国民の森林への関心を高める取り組みも加速している。2025年6月には「地方創生2.0基本構想」が閣議決定された。農林水産省ではその実現に向けて、森林の価値を最大限生かす「森業」を推進する。先人が拡大造林で築いた森林資源をどう継承していくか。造林・育林ベンチャーの青葉組など、若い世代による取り組みに期待している。
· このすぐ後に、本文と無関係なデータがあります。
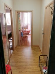 Квартира с косметическим ремонтом. В планировку уже внесены дополнительные розетки под вытяжку и приборы на фартуке кухни, под ТВ в комнате, установлен кондиционер. Установлен домофон и проведен интернет. Натяжные потолки. Встроенный шкаф купе с зеркалами - большое пространство для хранения верхней одежды, гладильной доски, постельного белья и чемоданов, а так же встроенный стол для работы за компьютером скрывается за зеркалом шкафа. Натяжные матовые потолки. Две лоджии застекленные, с плиткой на полу, утепленный пол. На лоджии на кухне подоконник, за которым удобно сидеть и пить кофе. Из окна виден дом и большая детская площадка. Рядом с подъездом 2 большие детские площадки и еще много более мелких. Множество магазинов, салонов. До остановки 7 минут пешком. До центра на автобусе 25 минут. Рядом гипермаркет Лента. Возможна продажа с мебелью и техникой, как на фото. Можно и без нее. Кровать 140 см ширина, подъемный механизм для хранения.

主伐後の再造林を推進し、次世代に森林を継承するために、解決すべき課題は多い
講演
CSRからビジネスに
中井 照大郎氏
青葉組 代表取締役

クマの人身被害が深刻だ。各地で個体数が増加傾向にあると報告されているが、その根本原因は人の手が入らなくなった森の変質にある。明治期からの約150年で農林業者が92%も減少し、湿地や草地は激減。戦後植えられたスギなどの人工林は高齢化し、温暖化や管理放棄された薪炭林が伐採されることなく成長した。結果、ドングリなどの餌資源の供給量が増え、個体数が増加したため、近年の凶作に餌を求めて人里に下りるようになったのではないか。つまり、これは野生動物の問題ではなく自然への人の介入が減ったことによる「自然資本の劣化」の問題だ。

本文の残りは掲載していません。